Attempt 2: Use env.step() through the action manager
Same setup but pass the 43D joint targets through env.step(action) instead of manual stepping.
Result: Same β robot doesn't move. The JointPositionActionCfg action manager reports 43D action space, but joints don't change between steps.
Debug Output (Attempt 1)
[DEBUG] GR00T action_dict keys: ['action.waist', 'action.left_arm', 'action.left_hand', 'action.right_arm', 'action.right_hand']
[DEBUG] action.waist: shape=(1, 16, 3), min=-0.7357, max=0.5740
[DEBUG] action.left_arm: shape=(1, 16, 7), min=-0.6041, max=0.3572
[DEBUG] action.right_arm: shape=(1, 16, 7), min=-1.1013, max=1.0109
[DEBUG] Current joint_pos shape: torch.Size([1, 43])
[DEBUG] Current joint_pos[0, :5]: [-0.1, -0.1, 0.0, 0.0, 0.0]
[DEBUG] action_chunk shape: torch.Size([1, 16, 43])
[DEBUG] action_chunk[0, 0, :5]: [0.0, 0.0, -0.405, 0.0, 0.0]
The targets ARE different from the current positions, but joints don't move.
Other Issues Encountered Along the Way
- PINK IK C++ binding crash: TypeError: No Python class registered for C++ class std::vector<std::__cxx11::basic_string<...>> when PinkIKController initializes pinocchio. This is why I had to bypass PINK IK for eval.

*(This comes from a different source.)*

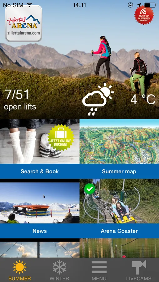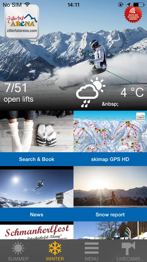 Interactive real-time guide for the holiday region Zillertal Arena with GPS localization on the skimap for easier orientation, live information directly from the lift operators – open slopes and lifts, weather, webcams, weather stations, livestreams, snow levels,...

- --enable_cameras required: TiledCamera crashes without this flag, but it's easy to forget since the training env doesn't need it.
- OOM with full fine-tuning: 550M param action head + AdamW states exceeded 16GB VRAM at batch_size=2. Fixed with LoRA rank=16 + batch_size=1 (11.3GB).

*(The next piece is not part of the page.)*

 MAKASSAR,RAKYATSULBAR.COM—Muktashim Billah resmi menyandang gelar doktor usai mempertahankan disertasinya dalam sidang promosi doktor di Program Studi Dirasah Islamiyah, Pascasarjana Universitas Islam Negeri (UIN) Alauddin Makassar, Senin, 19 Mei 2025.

- Arena action space incompatibility: Arena's G1DecoupledWBCPinkActionCfg (23D) doesn't match the hand tracking retargeter output (21D). Had to build environments using built-in Isaac Lab PinkInverseKinematicsActionCfg (28D) instead.
My Questions
- How should the closed-loop eval work? GR00T was trained on post-IK joint positions. What's the correct way to apply these as actions in the simulator? Is JointPositionActionCfg the right approach, and if so, why might the robot not respond to
set_joint_position_target()? - Should the training data be pre-IK or post-IK? Should I instead record raw EEF targets as actions (pre-IK) and train GR00T to predict those, then use the PINK IK action manager during eval? The NVIDIA examples seem to use joint-space actions, but the
documentation is sparse on this. - Joint ordering / normalization: The GR00T policy uses min-max normalization during training. During inference, Gr00tPolicy.get_action() should denormalize. Are the denormalized values in radians? Do they match what robot.data.joint_pos reports?

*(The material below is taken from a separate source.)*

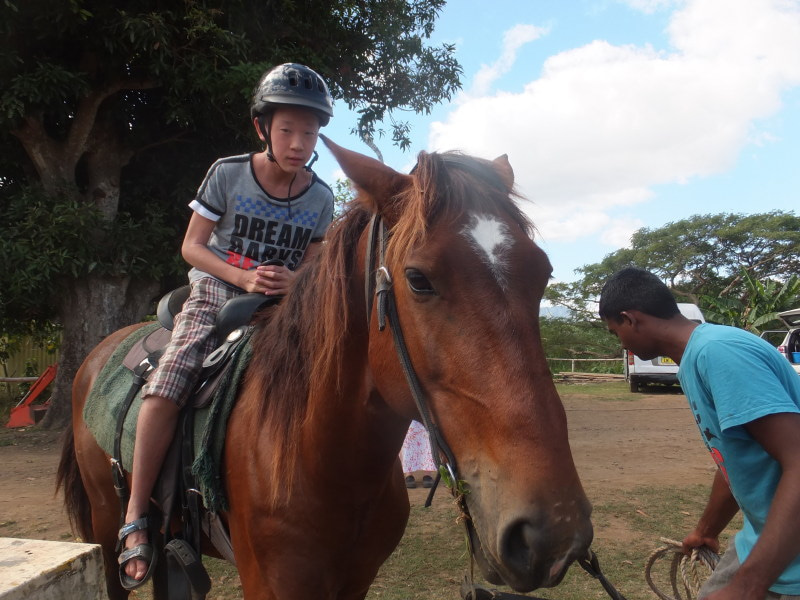 On Saturday [25/07] 22 of our OC students went for the Cultural Study Camp. They first visited Natalau village where a Sevusevu (traditional welcome ceremony) was presented to the village elders before we left for “The Garden of the Sleeping Giant.” Students enjoyed walking around the garden and looking at the different flowers. Next stop was the Horse Riding Track. Most of the students were excited to go on horse rides and they thoroughly enjoyed it. The highlight I have got to say was the Hot Mud Pool. From the smearing of their bodies with mud [The mud is believed to have healing power, it can cure anyone with skin disease], washing it away and the soothing dip in the naturally hot water.

- Action horizon alignment: Training uses action_horizon=16. During eval I consume one action per physics step (200Hz sim / decimation 4 = 50Hz control). Is this the right rate, or should each GR00T action correspond to multiple physics steps?
- Has anyone successfully closed the loop with GR00T + Isaac Lab? Looking for a reference implementation of the eval script, especially for humanoid manipulation with PINK IK training data.
Relevant Code
Data config (UnitreeG1FixedBaseDataConfig):
class UnitreeG1FixedBaseDataConfig(BaseDataConfig):
video_keys = ["video.ego_view"]
state_keys = ["state.waist", "state.left_arm", "state.left_hand", "state.right_arm", "state.right_hand"]
action_keys = ["action.waist", "action.left_arm", "action.left_hand", "action.right_arm", "action.right_hand"]
language_keys = ["annotation.human.task_description"]
observation_indices = [0]
action_indices = list(range(16))
Eval env config (replacing PINK IK with direct joint control):
@configclass
class EvalActionsCfg:
joint_pos = mdp.JointPositionActionCfg(
asset_name="robot",
joint_names=[".*"],
scale=1.0,
use_default_offset=False,
)
GR00T inference + action application:
action_dict = policy.get_action(groot_obs) # Returns body-group actions
action_sim = remap_policy_joints_to_sim_joints(action_dict, policy_cfg, sim_cfg, device)
action_chunk = action_sim.get_joints_pos() # (1, 16, 43)
target_pos = action_chunk[:, action_idx, :] # (1, 43)
obs, rew, terminated, truncated, info = env.step(target_pos) # Robot doesn't move
Any guidance on closing this loop would be hugely appreciated. Happy to share the full eval script or dataset structure if helpful.